Published online by Cambridge University Press: 22 September 2009
“I suppose the latest thing is to sit back and let Mr. Nobody from Nowhere make love to your wife. Well, if that's the idea you can count me out … Nowadays people begin by sneering at family life and family institutions and next they'll throw everything overboard and have intermarriage between black and white.”
Flushed with his impassioned gibberish [Tom] saw himself standing alone on the last barrier of civilization.

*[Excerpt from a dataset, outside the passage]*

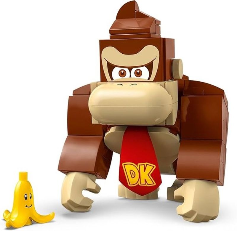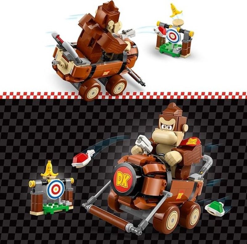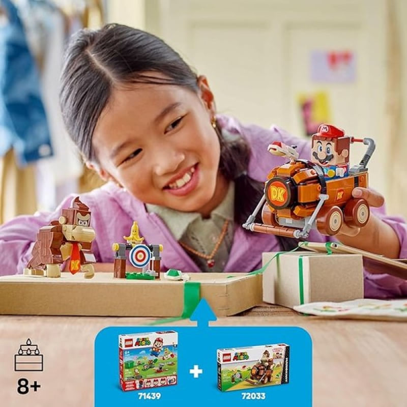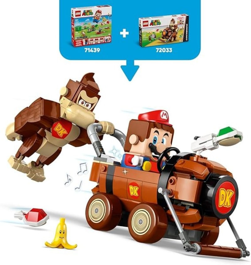 LEGO Super Mario Mario Kart Donkey Kong e DK Jumbo 72033 - Junte-se ao Donkey Kong para aventuras pilotando em Mario Kart™ com este kit de brinquedo colecionável da Nintendo® para crianças (72033). Uma fantástica ideia de presente de aniversário LEGO® Super Mario™ para meninos, meninas e jogadores maiores de 8 anos, o conjunto inclui um veículo DK Jumbo construído com peças, uma figura do Donkey Kong e um alvo, além de um elemento de banana com decoração de rosto. Ajude o Donkey Kong a pilotar o DK Jumbo e acerte o alvo disparando cascos do kart para derrubar a banana do topo. Pilote o veículo DK Jumbo com uma figura de LEGO® Mario™, LEGO® Luigi™ ou LEGO® Peach™ (dos conjuntos 71439, 71440 ou 71441, vendidos separadamente) para brincadeiras interativas, incluindo efeitos sonoros/visuais de Donkey Kong™ e sons de Mario Kart para iniciar a corrida, buzinar, fazer drift e muito mais. Encontre instruções de construção para este conjunto da Nintendo na caixa ou no aplicativo LEGO Super Mario. Amplie a diversão com outros veículos legais e personagens icônicos da linha (conjuntos vendidos separadamente). Características Gerais do Produto: • Faixa Etária: 5 a 13 anos de idade • Faixa Etária: +8 • Marca: Lego • Material: Plástico Acompanha o produto: • 387 Blocos de montar • 1 Manual de Montagem. Garantia: • 7 dias de garantia

“We're all white here,” murmured Jordan.
I see now that this has been a story of the West, after all –
The Great GatsbyIn some of Americans' most durable western stories, idealistic beliefs have often coexisted with accidental or intentional violence, as they do in The Great Gatsby, in which three people are killed in a chain of presumed accident and mistaken revenge. The story of marital misery, betrayal, murder, and suicide would not be so familiar or have become so canonized without the nationally allegorical burden it self-consciously bears through Nick Carraway's rendering of it and through Fitzgerald's intricate verbal weaving of capitalist and historical motifs, especially western ones, from Thomas Jefferson to the Nevada silver fields. Marriage and its constellation of jealousies and conquests is the plot-shaping structure through which Fitzgerald dissects the ways that ethnic and class divisions perpetuate both the romance and violence of American civilization.